Sur un plan abstrait, la taxe Zucman revient à réintégrer dans le patrimoine les revenus « virtuels » du patrimoine, qui échappent à l’impôt. En effet, imaginons que mon cadre, au lieu de posséder un appartement valant 1.000.000 € avait cette somme à la banque à 4% d’intérêt, et payait avec ces intérêts le loyer de son appartement, ou bien – deuxième alternative – qu’il louait son appartement à un tiers et avec les loyers encaissés il louait un autre appartement (situations économiquement équivalentes). Dans le premier cas comme dans le second, les intérêts et les loyers seraient comptés dans son revenu et imposés.

La taxe Zucman n’est donc pas stricto sensu une taxe sur le PATRIMOINE. Ce n’est pas l’ISF sous un autre nom, contrairement à ce que croient beaucoup de militants de gauche.

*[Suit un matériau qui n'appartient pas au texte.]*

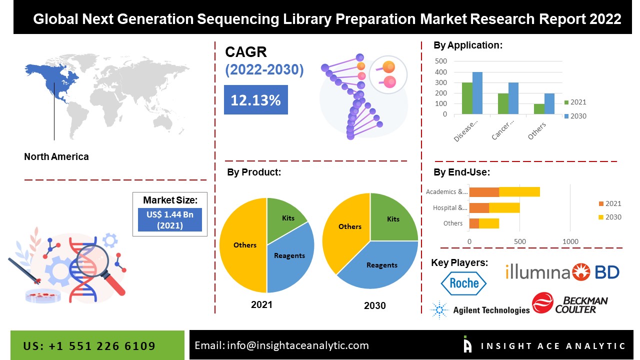NEW JERSEY, NJ, USA, December 5, 2022 /EINPresswire.com/ -- Insight Analytics Pvt. Ltd. announces the release of a market assessment report on the "Global Next Generation Sequencing Library Preparation Market (By Sequencing Type (Targeted Genome Sequencing, Whole Genome Sequencing, Whole Exome Sequencing, and Other Sequencing Types), By Product ( Reagents & Consumables (DNA Library Preparation Kits, Library Preparation Kits, RNA Library Preparation Kits, Other Reagents & Consumables) And Instruments), By Application (Drug & Biomarker Discovery, Disease Diagnostics (Cancer Diagnostics, Reproductive Health Diagnostics, Infectious Disease Diagnostics, Other Disease Diagnostic Applications), Drug Discovery And Other Applications), By End-Use (Hospitals And Clinics, Academic And Research Institutions, Pharmaceutical and Biotechnology Companies, and Others))- Market Outlook and Industry Analysis 2030"

Si le patrimoine entre bien dans le calcul, l’objectif n’est pas de l’imposer en tant que tel mais de corriger l’imposition sur le REVENU. Ainsi, si le cadre de mon exemple avait un revenu supérieur, disons de 6000 € par mois, il payerait en impôt sur le revenu plus de 12.000 € par an… et du coup le montant du au titre de la taxe Zucman serait nul.

Le mécanisme proposé n’institue donc pas un impôt sur le patrimoine, mais cherche à rétablir la progressivité de l’impôt sur le revenu. Car on constate empiriquement qu’au-dessus d’un certain niveau de patrimoine, celui-ci devient régressif. Plus le patrimoine détenu par un contribuable est grand, et plus il génère des revenus non salariaux qu’on peut, par le biais de l’optimisation fiscale ou simplement par la jouissance directe, faire échapper à l’impôt sur le revenu.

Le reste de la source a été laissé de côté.